> **WORK REQUIRED**
Repeat every record exactly, but keep images out of the copy.

(Stored entries)
##############################
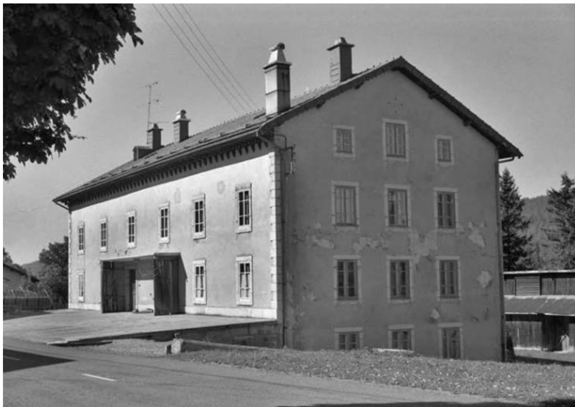
Atelier de fabrication, de trois quarts droite.
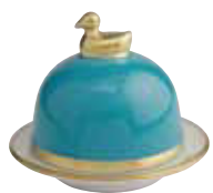
TURQUOISE TURQUOISE Réf 2041
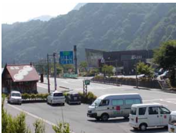
道の駅「来夢とごうち」(安芸太田町)
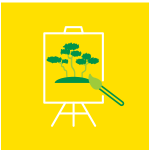
Sanat ve Kültürün Çevre Eğitimindeki Rolü
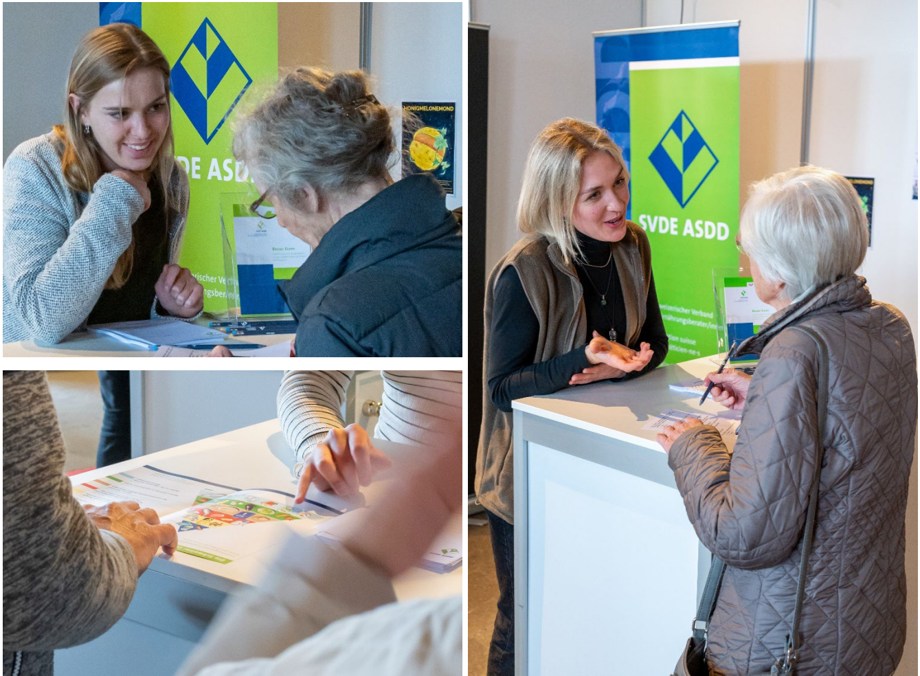
SVDE-Präsenz am «Treffpunkt Gesundheit» in Luzern, 11.-13. Mai 2023
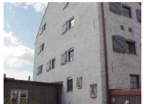
KARNA 5 D från NO
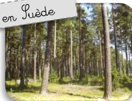
Forêt en Puède
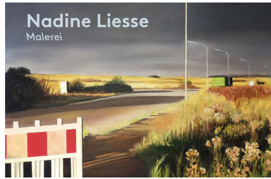
Nadine Liesse Malerei
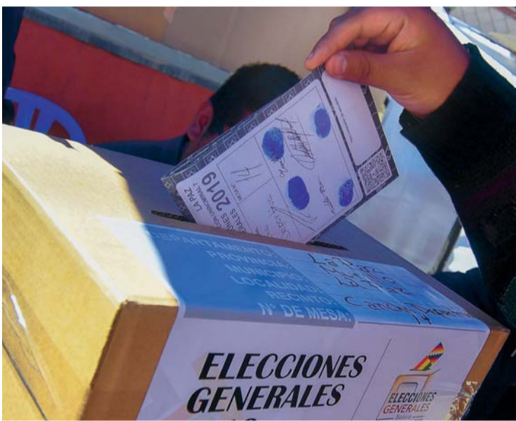
COMICIOS EN BOLIVIA.

El Tribunal Supremo Electoral (TSE) publicó ayer los mapas
##############################
> **ANSWER TO THIS TASK**
Atelier de fabrication, de trois quarts droite.
TURQUOISE TURQUOISE Réf 2041
道の駅「来夢とごうち」(安芸太田町)
Sanat ve Kültürün Çevre Eğitimindeki Rolü
SVDE-Präsenz am «Treffpunkt Gesundheit» in Luzern, 11.-13. Mai 2023
KARNA 5 D från NO
Forêt en Puède
Nadine Liesse Malerei
COMICIOS EN BOLIVIA.

El Tribunal Supremo Electoral (TSE) publicó ayer los mapas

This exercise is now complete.